**Problem description**
Starting from the line with "Banner Valentijnsdag van" and going up to and including the line with "No es lo mismo", copy the listing below exactly. Leave all images out.

**Dataset entries**
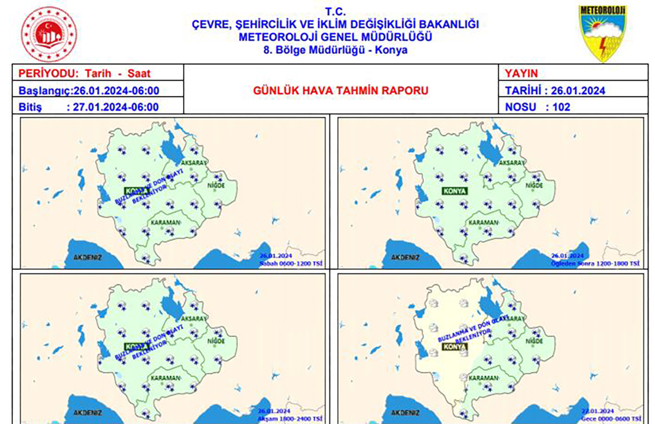 Meteorolojiden alınan bilgiye göre Konya’da havanın bugün en yüksek 4 derece, parçalı ve çok bulutlu olması ve aralıklı kar yağışlı geçeceği tahmin ediliyor. Sabah ve gece saatlerinde yer yer pus ve sis hadisesi ile birlikte buzlanma ve don olayı bekleniyor.
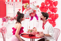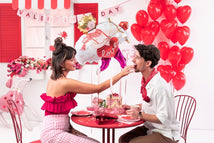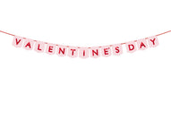 Banner Valentijnsdag van papier in roze kleur met opschrift in rode kleur, afmeting ca. 150 x 13 cm, lengte touw ca. 2,5 m.
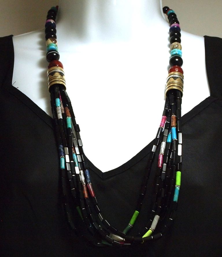 Navajo Onyx & Multi-Stone 6-Strand Necklace - Tommy Singer
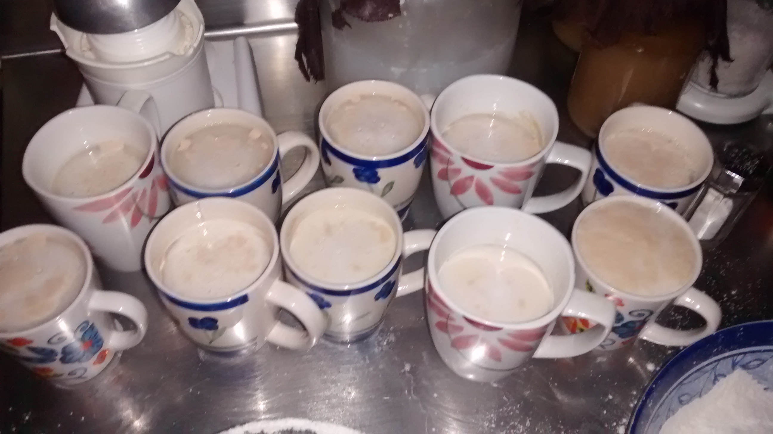 No es lo mismo hacer masa para una pizza que para diez. De haberlo hecho sola, no habría terminado a tiempo pero Ness estuvo conmigo toda la mañana ayudándome con mucho entusiasmo y cariño. Así que comenzamos a trabajar. Mientras yo disolvía la levadura en agua tibia, ella cernía la harina en los diferentes tazones. Estaba un poco acelerada, pero Ness me ayudó a calmarme.  Fue divertido cocinar y también fue una carrera contra el reloj.
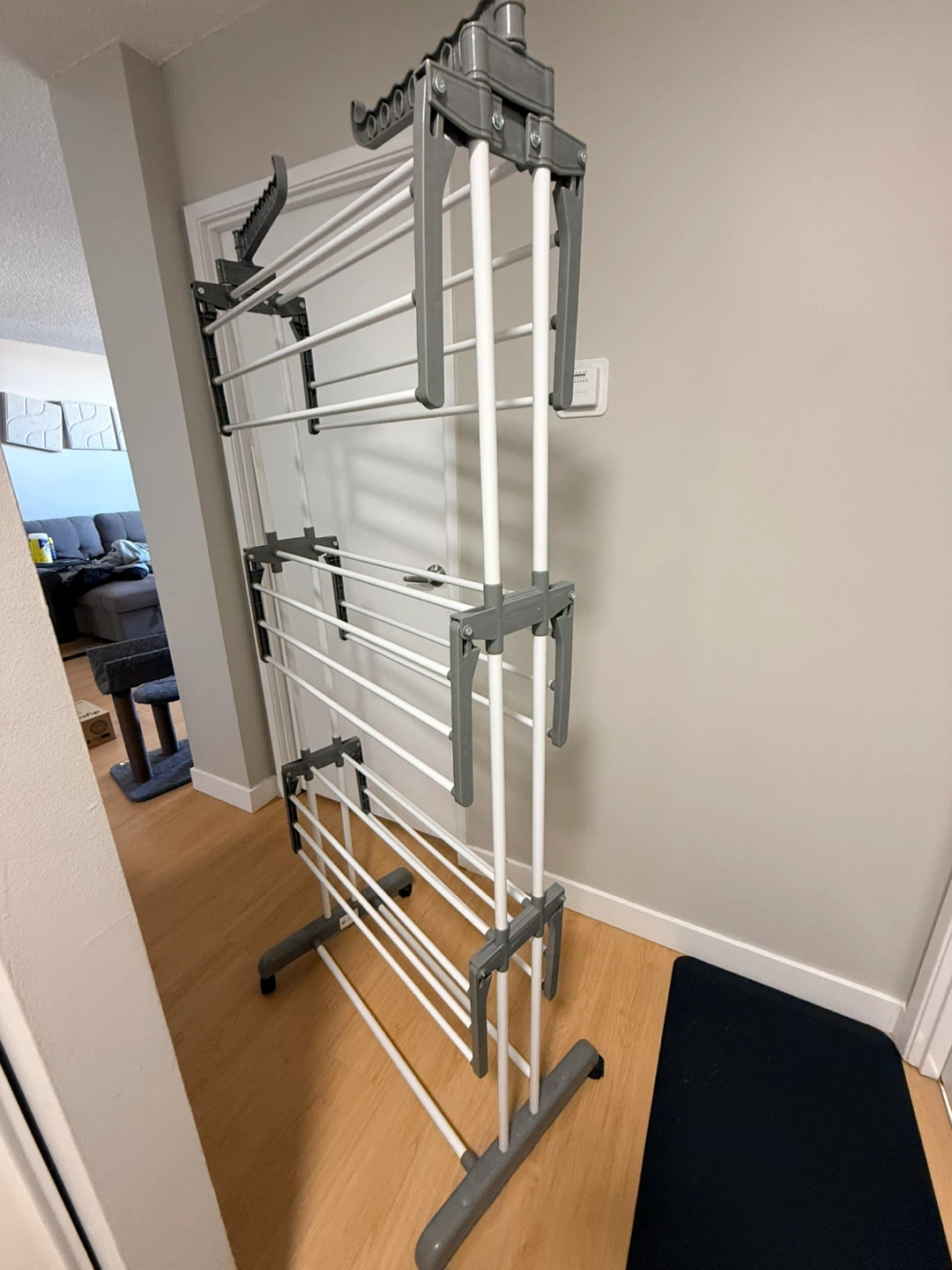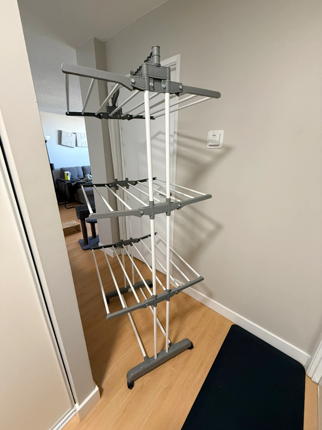 A grey and white 3-tier drying rack for laundry. It's made of plastic and metal. This rack is great for small spaces or apartments when you need extra drying room for clothes.
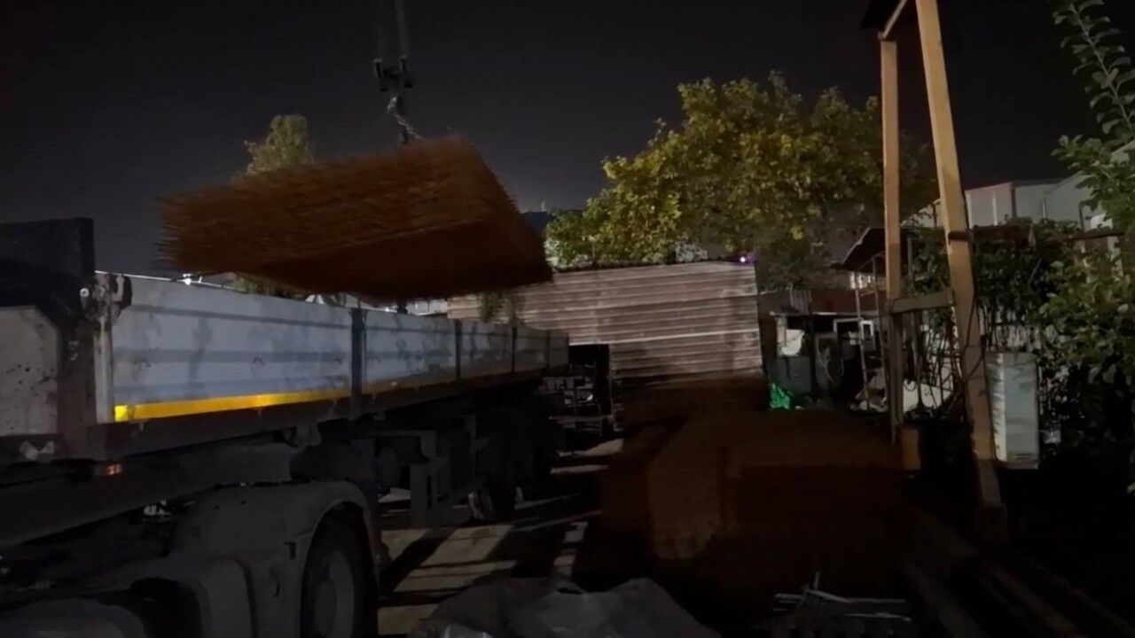Osmaniye’de Organize Sanayi Bölgesi’nden vinç ve tırla 18 ton hasır çeliği çalan 2 kişi tutuklandı. Hırsızlık anı güvenlik kamerasına yansıdı.
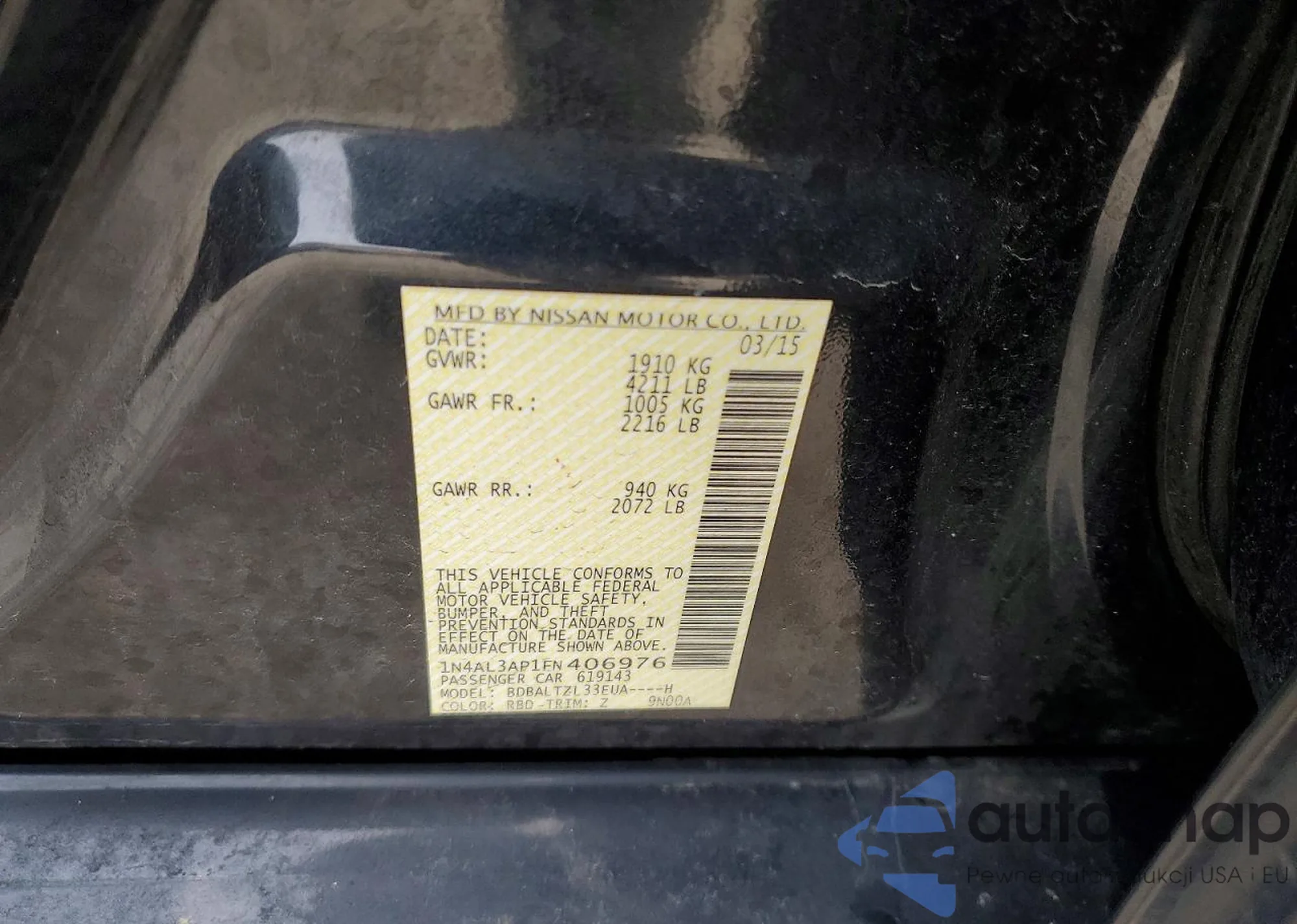LOT: 99103015 VIN: 1N4AL3AP1FN406976
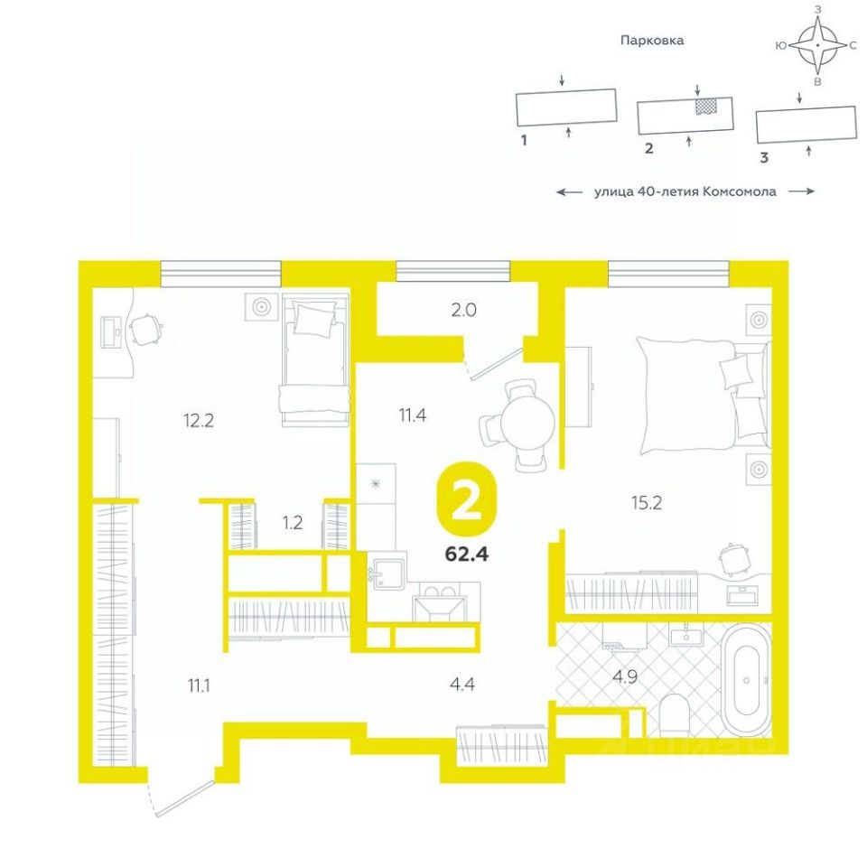 Квартира располагается в ЖК "Комсомольский" — жилом комплексе комфорт-класса. Здесь вы будете наслаждаться беззаботной жизнью, ведь ваш дом — воплощение практичности, безопасности и надежности. Для удобства предусмотрены колясочные на первых этажах домов, где можно оставить велосипеды и коляски в тепле. За безопасность отвечают система электронных ключей и видеонаблюдение. Еще здесь собственная котельная, поэтому в доме всегда будут горячая вода и оплата счетов только за фактически потребленное тепло.
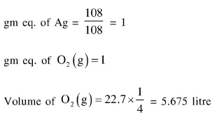 $108 \mathrm{~g}$ of silver (molar mass $108 \mathrm{~g} \mathrm{~mol}^{-1}$ ) is deposited at cathode from $\mathrm{AgNO}_{3}(\mathrm{aq})$ solution by a certain quantity of electricity. The volume (in L) of oxygen gas produced at $273 \mathrm{~K}$ and 1 bar pressure from water by the same quantity of electricity is
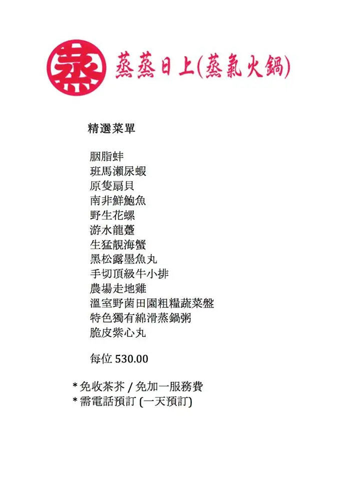 2016年12月推出之全新菜單
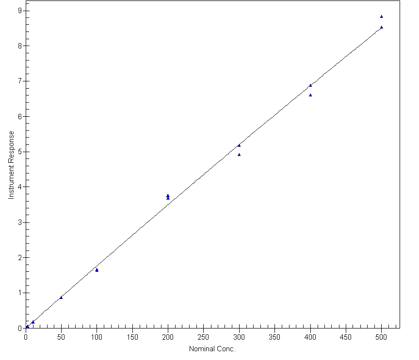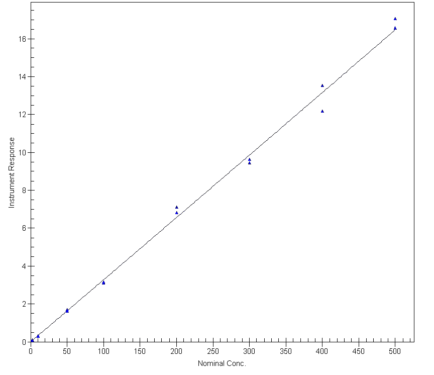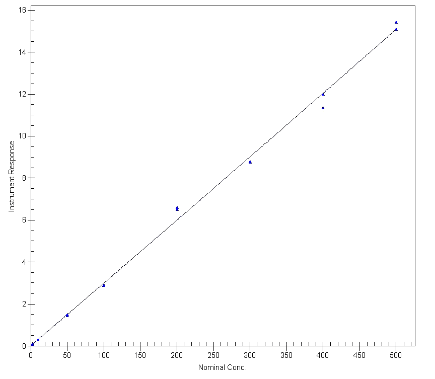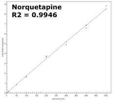 Figure 2 represents typical calibration data for each of the three analytes (Range 0.5 - 500 ng/mL)

**Solution for this exercise**
 Banner Valentijnsdag van papier in roze kleur met opschrift in rode kleur, afmeting ca. 150 x 13 cm, lengte touw ca. 2,5 m.
 Navajo Onyx & Multi-Stone 6-Strand Necklace - Tommy Singer
 No es lo mismo hacer masa para una pizza que para diez. De haberlo hecho sola, no habría terminado a tiempo pero Ness estuvo conmigo toda la mañana ayudándome con mucho entusiasmo y cariño. Así que comenzamos a trabajar. Mientras yo disolvía la levadura en agua tibia, ella cernía la harina en los diferentes tazones. Estaba un poco acelerada, pero Ness me ayudó a calmarme.  Fue divertido cocinar y también fue una carrera contra el reloj.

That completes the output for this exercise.